The only other option would be someone who’s views are so extreme they refuse to believe the reality of what is carved on that block of granite, someone unable to accept in their mind any other purpose for that monument than to promote hatred. If someone is so extreme that they refuse to believe what is directly carved upon it by the men who created the monument, why would anyone give that person any credibility to the other opinions they assert?
I guess another reason someone would publicly ignore and deny what is inscribed upon it and claim it’s purpose is to memorialize something totally different, is because they are promoting an agenda that they believe is so worthy any means to obtain the end is justified, even changing and modifying history to support the agenda.
We don’t need extremism, or zealots fighting for a cause, the Truth works just fine. If you ever come to Talbot county stop by the courthouse and read what’s on it for yourself.
Henry Herr says
It says To the Talbot Boys C.S.A. though. So everything you wrote isn’t true. Where is it written that the flag is in a position of ceremonial position of surrender?
jeanne says
What businesses support removing the statue. I will not shop at these businesses
Roger Yoerges says
Most all of them do, Jeanne. So you’ll need to go naked and hungry. Nothing like a naked, hungry racist. Makes them easier to identify.
Alan Boisvert says
I doubt they would appreciate your patronage.
Henry Herr says
Fact: PTH has still not produced any historians that agree that the Talbot Boys should stay on courthouse grounds. How can a group so focused on history ignore historians? It should be noted that this is writing is a point of view, definitely not actual facts.
Paul Callahan says
I noticed the MtM coalition totally ignored Dr. Clara Smalls, a black local historian, when she told them in her lecture that it was a gross misunderstanding to believe the US Civil war was all about slavery.
So the readers understand Mr. Herr is not, and never has been, a Talbot resident.
Henry Herr says
So did Dr. Smalls agree the monument should be moved or no?
Also, I’m not sure where I’m from matters? It doesn’t seem to matter that Franklin Buchanan, the “local” Admiral was born in Baltimore and only lived in Talbot a few years after the war. I believe that facts matter more than using ad homienem arguments.
Paul Callahan says
Didn’t mean to pick on you Henry, you are just the example of the vast majority of the MtM coalition. Liberal white folks who do not even live in Talbot or have only been here a short while. In fact it seems many are Northerners who recently came to Talbot with their pre-conceived notions and biases.

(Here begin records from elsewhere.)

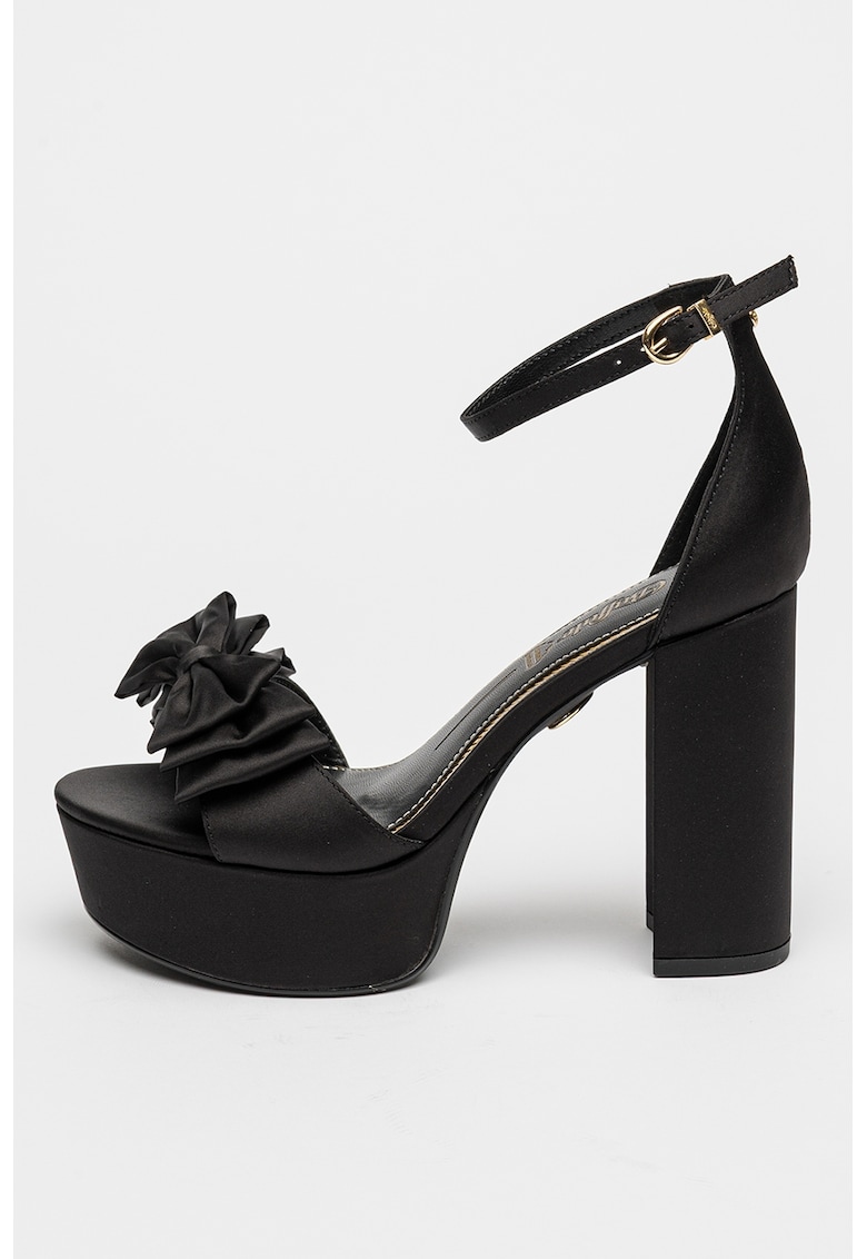 Caracteristici Tip: cu toc Culoare: negru Material: textil Stil: casual Varf: rotund Tip toc: masiv Culoare elemente metalice: auriu Sistem inchidere: catarama Compozitie Partea superioara: textil Material interior: alte materiale Material talpa: alte materiale Dimensiuni Inaltime toc: 11.5 cm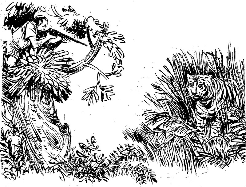 #vintage illustration #tiger #hunter #1960s #illustration #up a tree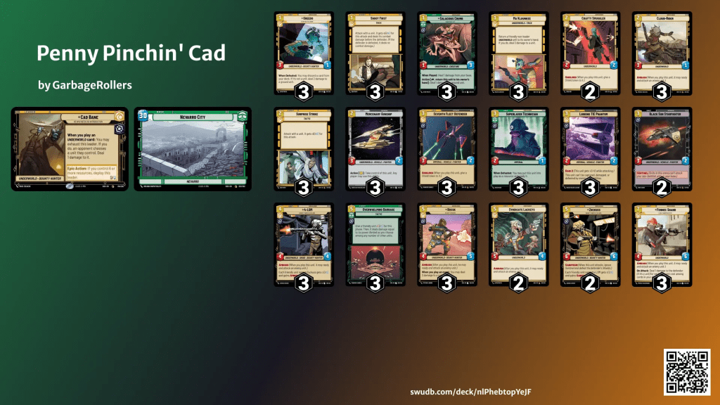 Here at GarbageRollers HQ, we try hard to be an institution for the people and by the people. Our Meta Snapshot looks to get you up to speed with the competitive scene with clarity and brevity. Our New Player Guide is designed to be the best first stop for fresh players. And the first and second articles in our Cantina Decks series present sets of approachable decks that are aimed at the budget-conscious player.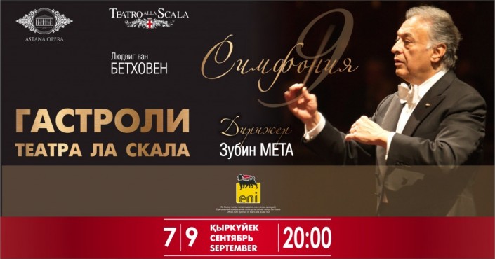 На сцене театра "Астана Опера" легендарный миланский театр Ла Скала представит жителям и гостям столицы оперу Джузеппе Верди "Фальстаф" (четыре спектакля - 1, 4, 6, 8 сентября 2017 года) и мировой шедевр - 9 симфонию Бетховена (7, 9 сентября 2017 года). За дирижерским пультом симфонического оркестра театра Ла Скала будет стоять один из самых прославленных музыкантов планеты - Зубин Мета.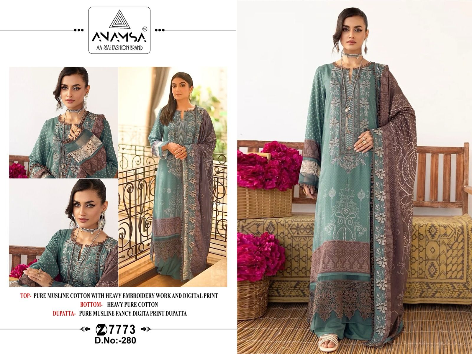Buy Online Anamsa 280 Pure Cotton Suits Eid Collection Surat 5 Pcs of Full Catalogue at Wholesale Price. Looking for Anamsa 280 Pure Cotton Suits Eid Collection Surat Full Catalouge at Best Price? Buy Now Anamsa 280 Pure Cotton Suits Eid Collection Surat at Wholesale Rate of Rs 4745 with Total 5 Pcs from authroized dealer and supplier of Brand. Cost of Each piece is just only Rs 949 which is very low and affordable price to resale the product in your retail store ,This is Surat based Wholesale Supplier & Dealer of Brand. Click on Brand name to Know more about Brand's products.Call or Whatsapp on 9898838984 for booking or enquiry

Nobody is asking historians if they think the monument should stay or go. The monument is not for historians, it is for the citizens to remember that war and the men who fought in it. Oh let me correct that – it is for Talbot County citizens which you and many MtM’rs are not.
Which is why you and the MtM coalition opposes putting the issue to a vote…. 70% of the MtM crowd can’t even vote in Talbot since they are not from here.
Henry Herr says
Also, just one of the many easily disproven facts: “However, the crusade did not end there. In 2019, Richard Potter and the local chapter of the NAACP capitalized on the killing of George Floyd and the national movement which swept the nation, and revived the issue of the Talbot Boys.” George Floyd was killed in 2020…
J T Smith says
I seriously doubt that President “ Andrew Jackson” pardoned Confederate soldiers in 1868. ( See discussion of so called Lie #4.) Also, it is well established that acceptance of a Presidential Pardon constitutes admission to the offense pardoned, and hence Confederate soldiers were and remain traitors. Those who strenuously strive to “ preserve Talbot history” should be more careful in their historical assertions,
Paul says
Mr. Smith, I would agree with you if you were correct but in this case you are not. They were all pardoned and no admission of guilt was applied.
Let’s not forget that this nation was founded by a bunch of men who were traitors to their nation – so your point is?
Anyone who deliberately violates the US Constitution certainly could be and has been labeled a “Traitor”. Mr. Lincoln did this repeatedly, throwing anyone in prison who did not agree with his political views, our legislature, our congressman, the Baltimore Mayor, and Talbot County’s judge, yet in the end Mr. Lincoln was forgiven.
As a former Marine officer my oath was to the Constitution of the United States, not to the president, “the Nation” or anyone else but to the US Constitution and to protect the same from all enemies foreign and domestic.
The Talbot Boys were forgiven officially by our government, by our citizens and by the union men they fought against. Why can you not?
Henry Herr says
“The following oath was required under Johnson’s 1865 proclamation:
I, _____, do solemnly swear or affirm, in presence of Almighty God, that I will henceforth faithfully support and defend the Constitution of the United States and the Union of the States thereunder. And that I will, in like manner, abide by and faithfully support all laws and proclamations which have been made during the existing rebellion with reference to the emancipation of slaves, so help me God.”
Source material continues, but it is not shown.